Потом благодаря дружбе с Полухиным почувствовал возможность слияния с новой жизнью. Вместе с этим начало изменяться внешнее его положение. Он уже не на задворках жизни, как чуждый элемент, а на пиру жизни, как свой. Для него стало своеобразным наслаждением всё больше и больше завязывать связи с коммунистами и пролетариатом и отходить от бывших «своих». Во-первых, потому, что нытье теперь вызывало в нем раздражение, во-вторых, какой-нибудь из его прежних единомышленников мог сказать по его адресу, что некоторые люди всё-таки умеют ладить с коммунистами, несмотря на высказываемые ими определенные идеи, и,

в-третьих, — что коммунисты могут узнать о его сомнительных связях с чуждыми элементами. А это было неудобно.

Положим, прежним «своим» он мог бы сказать, что его убеждения в корне переменились (разве человек не может менять свои убеждения?), что он отныне неразрывно связан с новой жизнью, и не из-за выгоды, не из боязни потерять право на существование, не из смертного страха перед гибелью, а по глубокому, свободному убеждению и внутреннему влечению. И это было бы чистой правдой. Низкого расчета и грубого приспособленчества у него не было никогда. Была скорее радость перерождения.

В самом деле, разве кто-нибудь мог сказать, что его чувство к Полухину корыстно? Разве у него является хоть когда-нибудь мысль изменить своему новому другу и повернуться к нему спиной при неожиданном испытании? Нет и нет! То, что они разных классов с Полухиным, только еще более обостряет чувство любви к нему, подогреваемое необычностью и редкостью такого сближения.

Сторониться от своих он стал еще и потому, что ему нужна была теперь вера в его новое направление, которая бы еще больше оправдывала его и давала ему ощущение собственной честности.

Во что бы то ни стало нужно было уверовать, а вера у него приходила в зависимости от того, кем он себя окружал. Если его окружали интеллигенты, скорбевшие о гибели общечеловеческих ценностей, он невольно задумывался об этих ценностях и начинал видеть всю преступность классовой политики (нарушение общечеловеческой правды, подавление личности и т. д.), если же он окружал себя коммунистами, он вдруг с радостью видел, что в истории так же, как и в медицине, существуют болезненные операции, что если из близорукой жалости к отмирающим членам организма оставить их отмирать, то весь организм может погибнуть от гангрены.

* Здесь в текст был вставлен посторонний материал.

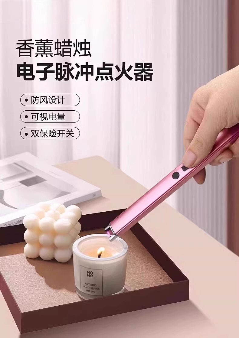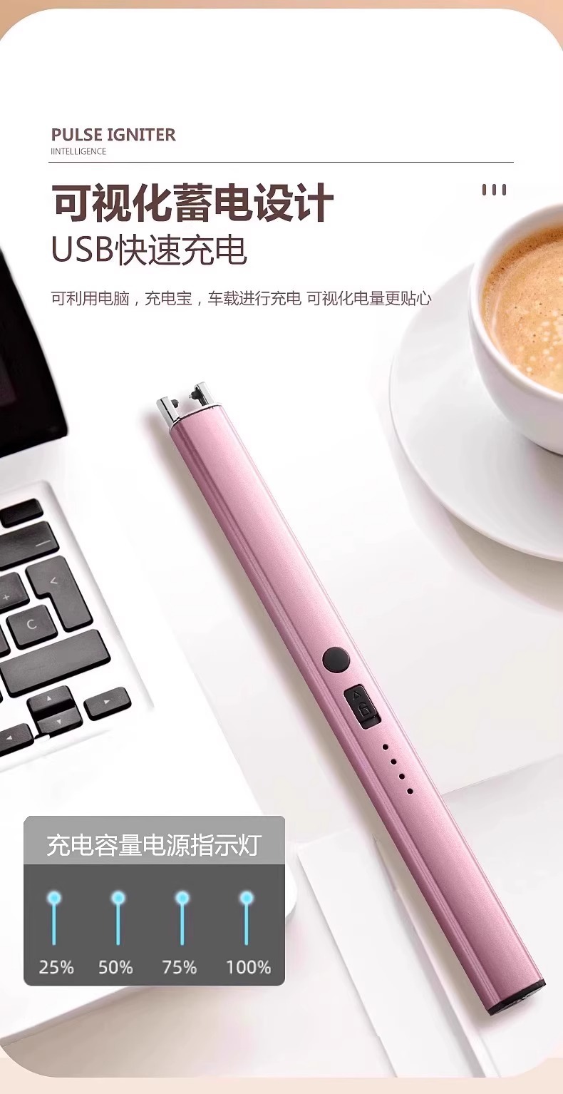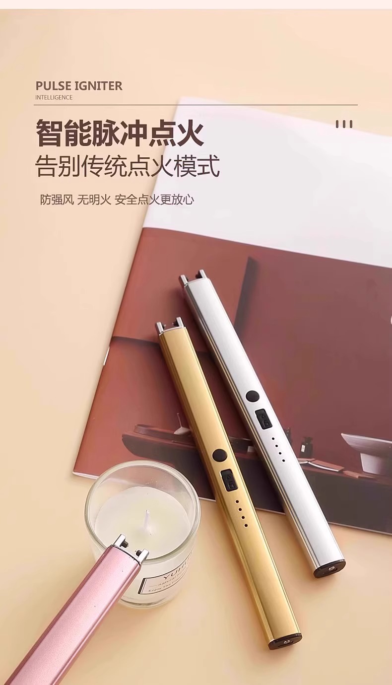 家用充电款香薰蜡烛点火器长手柄电子脉冲加长点火棒煤气灶打火机

Но как только он отходил от коммунистов, так в голове проносилась новая мысль:

«А что если вся эта эпоха является только временным и ошибочным эпизодом истории? И он, оставивший извечную линию общечеловеческой правды, с таким наивным и глупым энтузиазмом вкладывает себя целиком всего-навсего в ошибочный эпизод?».

Потерявши свой собственный критерий, он теперь качался, как маятник, между двумя противоположными критериями, не в силах прочно остановиться ни на одном. Хотя постоянно твердил себе, что надо раз и навсегда определить, на чьей ты стороне. Раз ты перешел на эту сторону — значит, не оглядывайся и не сомневайся по десяти раз в день из-за нарушения общечеловеческой правды. Но, наконец, он уже ясно и бесповоротно чувствовал, что от всего сердца идет рука об руку с людьми, строящими новую жизнь, в частности — с Полухиным.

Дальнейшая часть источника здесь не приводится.